I decided to do this shoot in steps as I didn't want to go all in and not like the image. Jennifer gave me this idea in a meeting about our progress that morning. I decided to use Illamasqua skin base foundation as i wanted the skin to be flawless. Then used the blush and and eye shadow normally to start with. I also used eyebrow cake from Illamasqua, I thought that this may look best for my work and I could always send another to agenda beauty. I liked this image however, it didn't feel very me. I felt it was too simple and against the rest of the imagery in the magazine this image wouldn't compare with standard and would not make my readers stop to look at the image which isn't the point. I then mixed the eyeshadow with water and used it to create a lip line. I kept the lip colour nude as i wanted the green to be the focal point of the image. I decided to go with an angle lip with a pointed cupids bow as I wanted to contrast with the soft, blended green on the eyes. This I felt made the imagery much stronger but I still wanted to push it further so after a few frames of this I changed the brows. I then used the green eyeshadow the same way I would use eyebrow cake. I loved the contrast between the harsh brows and lips with the soft eyeshadow and this became my final image.

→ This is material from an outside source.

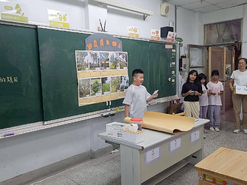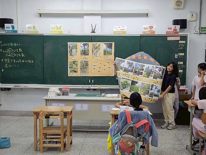 學員進入班級教室進行校園識樹的活動,收集問題來了解本校學生是否了解認識校園植物。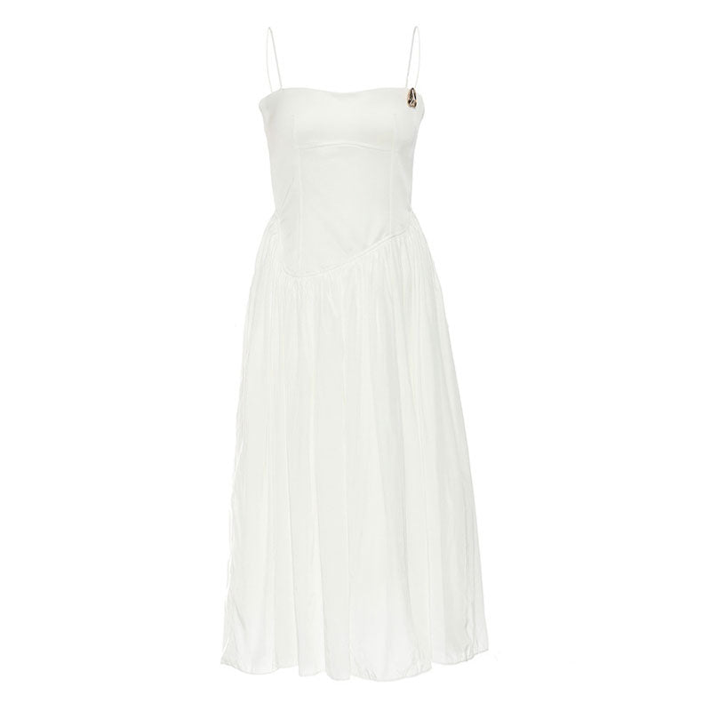 Ob Sie einen gewagten oder einen raffinierten, klassischen Look bevorzugen – dieses exquisite Kleid mit Tüllfutter und einzigartigem Design ist ein Must-have in Ihrer Garderobe. Der herzförmige Ausschnitt betont Ihr Schlüsselbein wunderschön, und ein metallischer Akzent an der Seite verleiht Ihrem Outfit einen Hauch von Glamour. Die zarten Spaghettiträger verleihen eine feminine Note, während der sichere Reißverschluss am Rücken für Komfort sorgt. Die asymmetrische Raffung an der tiefen Taille sorgt für eine schmeichelhafte Silhouette, die Ihre Kurven betont. Der Midi-Saum verleiht Eleganz und macht es zu einem vielseitigen Kleidungsstück für jeden Anlass.

I had worked with this photographer previously and we really got on well, she takes direction well and has loads of ideas and really prepared well for the shoots she had done before so I knew she would be happy to do this. Agenda beauty loved the imaged and I will be the artist representative for April 2012 and I will be the first one and will open the brand.

Monday, 12 March 2012

How to do the perfect lip shoot 5th Mar

My idea behind this shoot was to show how to do the perfect lip. I wanted to do this in 4 stages.
Lip liner,
Fill the lip with lip liner,
Lipstick, then
The final image will be the right page of the spread and fill the whole page. While the others are set out in the same way as my behind the scenes segment, with the text and the image next to it then below there will be the next image and then the text and then below the third image and text. The text will explain what to do.
These are the four unedited images.

I then did the write up of this section in the magazine and edited the images this is the final page.
I did the photographer in a lesson with Jason Klass, this really helped as the images went straight up on screen and I could see if there were any brush strokes or if the lipstick had bled. I also had him there to help with the set up and the lighting as i find this the most difficult part. I did not get on with my model however. She was an hour and a half late even though i rang her the night before and that morning to remind her.  She was also uncooperative and made the shoot had than it had to be. I had asked her a week before to exfoliate her lips a few days before which she did do which made the images look a lot better. She also did not look like the images I had seen of her on model mayhem, so I will not be working with her again. But I am extremely happy with the final images.

Illamasqua Shoot 12th Mar

I did this shoot with mainly Illamasqua products. This image is going to feature next to the interview with Julian Kynaston. The shoot went really well, except the photographer was running late and didn't think to tell me until I asked her where she was. I found the model on model mayhem, in her profile pic she had really strong, edgy make-up so I knew she could handle a lot of make-up. I wanted to go with a cat-shaped eye. I went with a purple and navy/black smokey eye, pink/purple lips with a black liner and contouring. The reason for this was because the look would be quite dramatic, and dark and this is how I see Illamasqua. Also I wanted the image to be really strong and powerful. I'm currently editing the images, the eyeliner need some work as it isn't perfectly straight. This is the edited image so far.

I love the contrast of the model's pale skin and the dark make-up and the clash with the make-up and her red hair really makes the make-up pop. I used a lot of the techniques I was taught at the school of make-up art. It still needs further editing but I really happy with the overall image. I am considering to crop the image but I want to finish editing it first and see how it looks once printed. I wanted this image to be really close up so it really displays the strong make-up.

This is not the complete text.